Ken Griffey Jr., she was told. She called him back for a hug.
“But the key question I asked repeatedly was, ‘Is this just about celebrations at ballparks?’” she said, riding through the streets of Washington. “I kept saying, ‘No, it can’t be.’ My parents are both activists, and my father was particularly dedicated to young people. So it needs to translate to something that impacts the community and youth.”
After lunch, she made her way down Pennsylvania Ave. SE, across the Anacostia, over to the Washington Nationals Youth Baseball Academy. Robinson knows lip service when she sees it. This facility is anything but. Her tour included a look at the indoor batting cages and the immaculate fields, sure, but the cafeteria and the classrooms too.
This is the 20th year of the Breaking Barriers Essay Contest, a program started back during that 50th anniversary season, back when Sharon Robinson approached MLB and said, “Will you help?” She began working for them then, traveling to schools to deliver a curriculum designed to help children face their obstacles, address them, overcome them. Over the years, she has had to break through her own barriers – disinterested superintendents, principals who leave the box of materials under their desks for a year at a time, only to have them discovered when Robinson pops in for a follow-up visit.

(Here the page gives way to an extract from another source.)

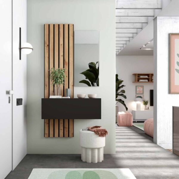 El recibidor 206 mide 90 cm de ancho y estรก acabado en artisan y รฉbano. Incluye mรณdulos Panel TV 47.5×119 cm, Panel TV 47.5×32 cm, Espejo rectangular 40×90 cm, Mรณdulo abatible 90x32x30 cm. Su diseรฑo combina funcionalidad y estilo para tu entrada. Fabricado con materiales de alta calidad.
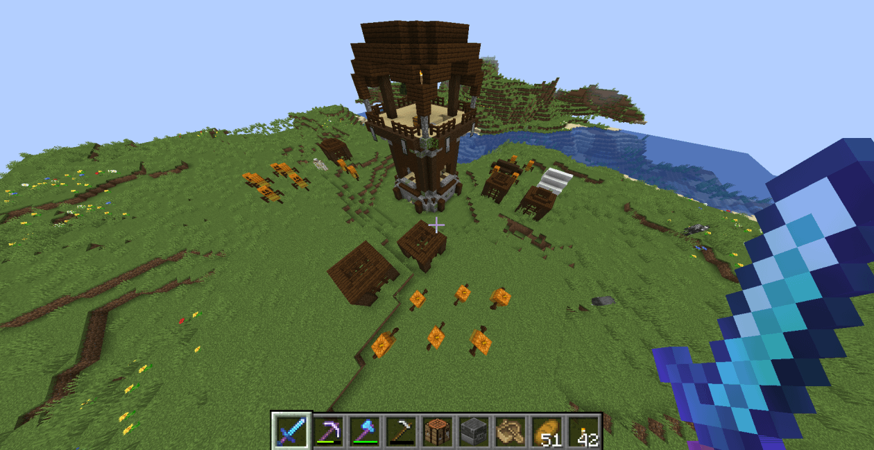 Pillager outpost with 18 scarecrows (X:7382 Y:100 Z:3145) Java 1.21.1 Seed: -8651810166676644139 by ForeignHeart5701 Minecraft Minecraft Seeds

But the kids. The kids always deliver. Like last year, from Raymond Beasley V, a fifth-grader from Brentwood, Calif., whose essay began:
“Sometimes I forget about the scar on my head, but the questions about it from strangers remind me that I am a survivor. Sometimes I wish I could just blend in with the crowd instead of standing out. But I AM OUTSTANDING because I fought hard to be like most other 10-year-olds. Some people thought that a brain tumor would limit me. However, their minds changed after seeing my own courage, persistent determination, and commitment to succeed. Just as Jackie Robinson fought prejudice so that Blacks could play Major League Baseball, I have applied some of his values in my own life and am very proud to be African American, too.”
This is what Sharon Robinson’s message is. Baseball, sure. But not just baseball. Thursday afternoon, she walked down a hall, not even stopping to notice the photo of her father with a bat in his hand or the painting of him sliding across the plate. She stepped into a classroom filled with rows of chairs, each of them holding a child, each with a pen, each with paper. Her own story is filled with some of the most memorable moments and characters from the past six decades of American history. She wanted them to write theirs.